Student Life

Sick day survival guide

In the COVID-19 world, it’s easy to panic the moment you let out a single cough or feel a tickle in your throat. Hyperaware as we are of cold symptoms, we are quick to notice when we have the dreaded common cold. Unfortunately, getting sick can take a toll on academics and cause a great deal of stress––and McGill’s policy on medical notes certainly doesn’t help. That being said, there are things you can do that can lessen the anxiety associated with catching a cold. Here are seven tips from The McGill Tribune on how to make it through this flu season. 

  1. Get tested for COVID-19

If you’re experiencing fever, cough, tiredness, or a loss of taste or smell––all common COVID-19 symptoms––it’s best to get yourself checked at your nearest testing clinic. It’s smart to apply for short-term academic accommodations through Minerva because you’ll likely have to miss class in order to self-isolate. Try asking a friend in your classes for missed lecture notes or reaching out to the professor. 

  1. Tell your loved ones 

Having to take care of oneself can be difficult, especially for those new to living away from home. When your body is weakened and your throat strained, it can be an especially arduous task. Even if your loved ones won’t be able to heal your sickness, or are far from you, text messages or Facetime calls can remedy something arguably just as important—your mood. Added tip: It never hurts to ask your friends if they can leave some soup at your door. 

  1. Sleep, and don’t feel guilty about it

Unfortunately, the onset of flu season collides with the waves of midterms and finals. Though it may feel tempting to continue to be productive even when you’re sick, rest is always more important—and conducive to a faster recovery. Peel your eyes away from that essay or textbook, turn off your alarms, and hibernate under your heaviest blanket for as long as needed. You will feel more energized and productive when you eventually do sit down to work.

  1. Try a cold remedy

The supposed remedies for colds are many, ranging from Vitamin C to saline sprays. Although it can be tempting to try a bunch of at-home remedies, make sure that those you choose are based on scientific evidence. Proven methods include staying hydrated, gargling salt and water to assuage a sore throat, and taking acetaminophen if experiencing pain. That being said, a warm bowl of chicken soup, though not a scientifically proven remedy, is certainly soothing when you’re feeling under the weather.

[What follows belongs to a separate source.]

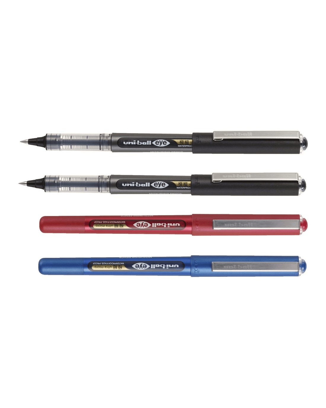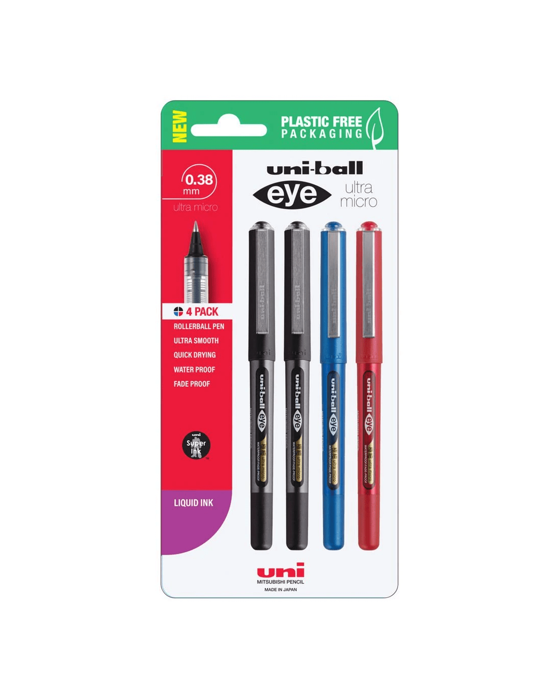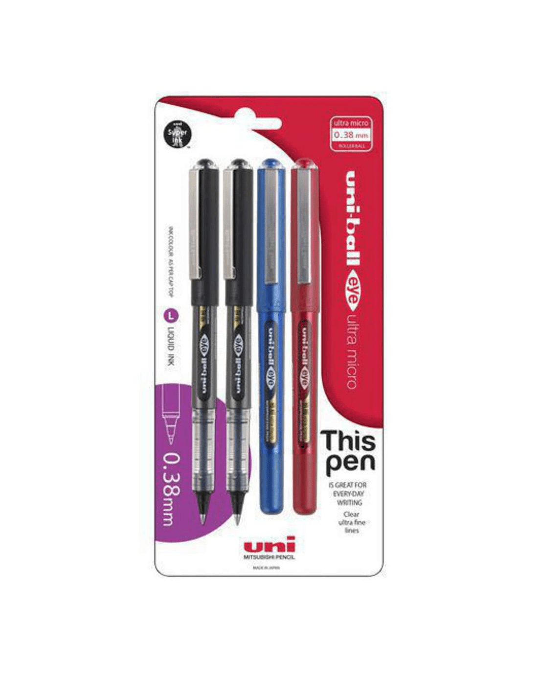 Sold by OfficeworksUni-Ball Eye Rollerball Pen 0.38mm Assorted 4 Pack
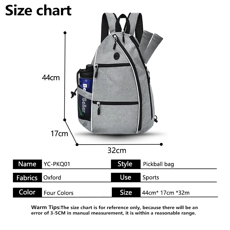 This sling bag complements other gear. Pair it with paddles, balls, and wristbands for a coordinated set. Coaches and teams find that customized logos create a sense of unity and professionalism. The bag is also a strong promotional item for events, giveaways, or retail sales

  1. Cope with restlessness

If you’re feeling restless, try doing small, non-exerting tasks in your home. Move your body to the rhythms of a guided yoga video, organize your closet, or declutter your working space. Create a soothing environment. 

  1. Call your doctor if necessary 

If your cold symptoms last longer than two weeks, worsen, or you begin to experience high fever, intense chest pain, or shortness of breath, it is a good idea to contact your doctor or the Wellness Hub. This may seem like overkill, but it’s important to check in with a medical professional to make sure that you are not developing an infection. 

  1. Give yourself a break

It’s easy to succumb to the guilt associated with a lack of productivity, but if there is ever a time to be unproductive, it’s when you’re feeling sick. Take a break, catch up on some of your favourite series, or read a book you’ve been meaning to read. Though it might not feel that way, resting is one of the most productive things you can do for yourself when you’re sick.